Execute, Execute, Execute!
Leadership is responsible to drive disciplined and effective execution toward an expected outcome. When this happens, it enables the organization to exploit its known opportunities and respond to immediate threats in its markets and supply chain. It does this by imposing structural constraints on action to focus attention and channel events to meet expectations.
All rails lead to the steel mill in Butler, PA USA. Leadership therefore enables members of the organization to efficiently coordinate their actions in the current ecosystem. These efforts bring requisite resources – such as raw materials, energy sources, human resources, and financial capital – into the organization while events remain more predictable. These activities allow the organization to accumulate slack resources to ensure their short and medium term survival.
Leadership therefore enables members of the organization to efficiently coordinate their actions to respond to and take advantage of events that are predictable.

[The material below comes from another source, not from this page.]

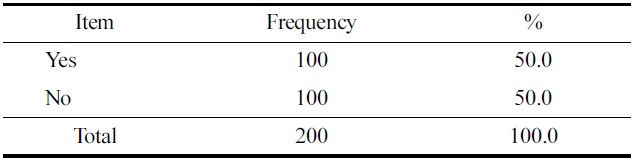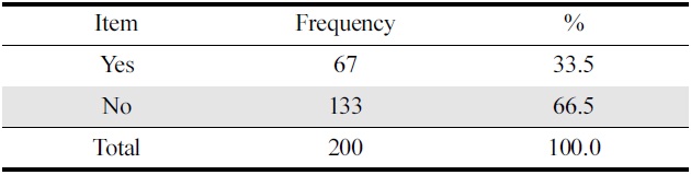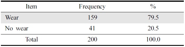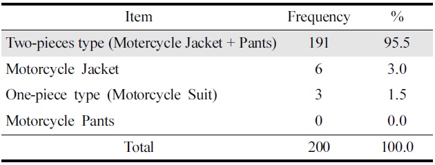 조사 대상자의 퀵서비스 운송업무 중 모터사이클 전용복 착용 유무에 대한 결과는 159명(79.5%)이 착용한다고 응답했으며, 나머지 41명(20.5%)은 미착용으로 나타났다. 이에 따라 퀵서비스 운송업자 대부분이 모터사이클 전용복을 업무 시 착용하는 것으로 나타나 그 필요성과 이용정도가 높은 것으로 알 수 있다(Table 7). 반면 41명(20.5%)의 미착용자의 경우, 근무시 아웃도어 재킷이나 등산용 바지 또는 일반적인 기성복을 착용하는 것으로 조사되었다. 이는 Table 5의 근무경력 결과, 3년 이하가 92명(46%)으로 가장 높이 집계되었으며 이러한 낮은 근무경력으로 인한 주행사고 미경험에 의해 모터사이클 전용복 착용에 의한 안전성과 작업효율 향상에 대한 인지가 낮은 것으로 사료되었다.

These efforts bring requisite resources – such as raw materials, energy sources, human resources, and financial capital – into the organization to be used, repurposed or stored for later use. They, therefore, allow the organization to accumulate slack resources to ensure their survival in the short and medium term.
Leadership Interactions that enable effectiveness include: asking people to invest more time and energy to further the organizations objectives, setting objective metrics that determine success or failure, driving accountability by using techniques such as a balanced scorecard, establishing specific targets and deliverables to align activities, and quieting voices which distract from the purpose of from getting the work done when schedules are tight.
The call to lead…
As a leader, you must drive effective execution when the opportunities and parameters are known. To do this, you must appropriately perform two distinct leadership functions:
The first is the information using function. To do this, your actions should model and encourage interactions among team members that are intended to use the information that has been gathered and interpreted to hold people accountable to objective outcomes and to create, evolve, and when needed eliminate, structural attractors that serve to actualize norms, focus thinking and guide behaviors. Leadership does this in an effort to exploit present opportunities and to respond to immediate threats. By doing so, this function supports organizing structures which operate to acquire needed resources in the ecosystem and to maximize efficiency and this earn the highest possible returns.
The second is the administrative function. To do this, your actions should model and encourage interactions among team members that are intended to establish and legitimize polices, practices and other requirements that serve the organization and its members by coordinating and organizing various activities. For example, these interactions would result in setting agreed upon to targets, deliverables and timelines, following-up on commitments and action plans, and enforcing values and norms.
These functions enable the organizing system to exploit and defend opportunities in the ecosystem quickly and effectively. Leadership interactions that ensure efficacy allow the organization and its members to maintain access to requisite resources and to accumulate stocks of various types of capital: financial, human, social, knowledge, know-how, brand and political reputation.
Growing capital of these various types creates value for your organization by enabling predictable positive outcomes over the short and the medium term.
As a leader, ensuring effectiveness is an important way for you to create value for your organization.